II expansion itself. To provide the kinetics Topoisomerase of leukemia To determine chemistry, we analyzed the peripheral blood at the time of administration according to the number of points plerixafor on day 0 Similar to normal HSC mobilization, mobilization was the peak and total leukocytes of AML blasts in approximately 6 to 12 hours after the administration of plerixafor. We showed a dose-response relationship between plerixafor and mobilization of leukemic Cells mix because of the large-s inter-individual variability of t in the mobilization and the limited number of patients at doses below plerixafor Phase II Phase I studies detect total of 46 patients with plerixafor 0.24 mg / kg / day. In one patient, a single dose of plerixafor was due to grade 2 asymptomatic bradycardia, as m Was possible legally akin to plerixafor. All other patients were new U of the whole course of plerixafor and chemotherapy. Three Todesf Lle occurred may need during the treatment. Two of them were due to sepsis, and the TGF-beta third due to an adverse transfusion reactions occur in the context of febrile neutropenia.

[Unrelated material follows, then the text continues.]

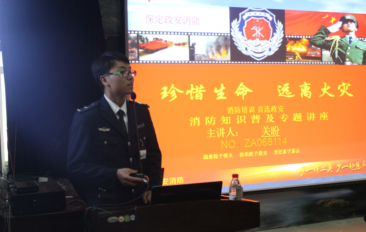 在生科院学术报告厅的消防知识培训会上,市政安政消防宣传中心关盼教官通过一个个真实鲜活的火灾事故案例,让大家深刻感受到火灾的危险性和残酷性。他还重点讲解了高校实验、寝室防火用电的基本知识、消防器材的种类和使用方法和发生火灾后的应急措施,并现场演示了常规消防器材的操作方法。

The h Ufigsten h Dermatological serious adverse events w Observed Aurora Kinase during the study years, including 3 4 of fever and infections of the Grade 3 5 Table Acomprehensive treatment side effects, regardless of the assignment is in ergs Complementary given in Table 1. For patients who achieved CR or CRi, neutrophil transplantation occurred at a median 28 days after the start of chemotherapy. For those who achieved CR, Pl occurred ttchenregenerationsrate At a median of 28.5 days. In Phase II, 29 patients were then U is an allogeneic stem cell transplantation, 16 of whom were in the Czech Republic at the time of transplantation. The overall response rate for Phase II was 46%. There was a increased Hte probability favored CR patients with an L Ngeren first CR who received their first salvage treatment. Although trends were a decrease in baseline WBC with age and CR have been identified these covariates is not significantly associated with the reaction. For the cohort of the Phase II, with a median of 19.8 months, median overall survival 8.2 months with a recurrence-free survival of 9.0 months. A year RFS and OS were 37% and amount to 42.9%. The mobilization of leukemic Mix cells, the effect of plerixafor on the mobilization of leukemic Mix cells to determine peripheral blood samples were collected at serial time points after administration of Pimecrolimus plerixafor on day 0. Blasts peripheral blood were identified by both the morphology and by flow cytometry.
Similar to Phase I was to mobilize a total of two and leukemic white blood cells Mix watching blasts after treatment with plerixafor at least 6 hours and remained increased Ht at 24 hours after administration. Again, we observed a significant inter-individual variability of t in the degree of parameters mobilization. We then examined whether the degree ofmobilization with CXCR4 expression on AML blasts correlated, as measured by flow cytometry. A modest correlation between the expression of CXCR4 and Ver Change in the mix leuk Blasts in the peripheral blood between the beginning and 6 hours after plerixafor observed. To determine whether the leukemia has been preconcentrated, purified Preferably mobilized over normal cells, we performed fluorescent in situ hybridization of peripheral blood in a subgroup of patients with informative cytogenetics.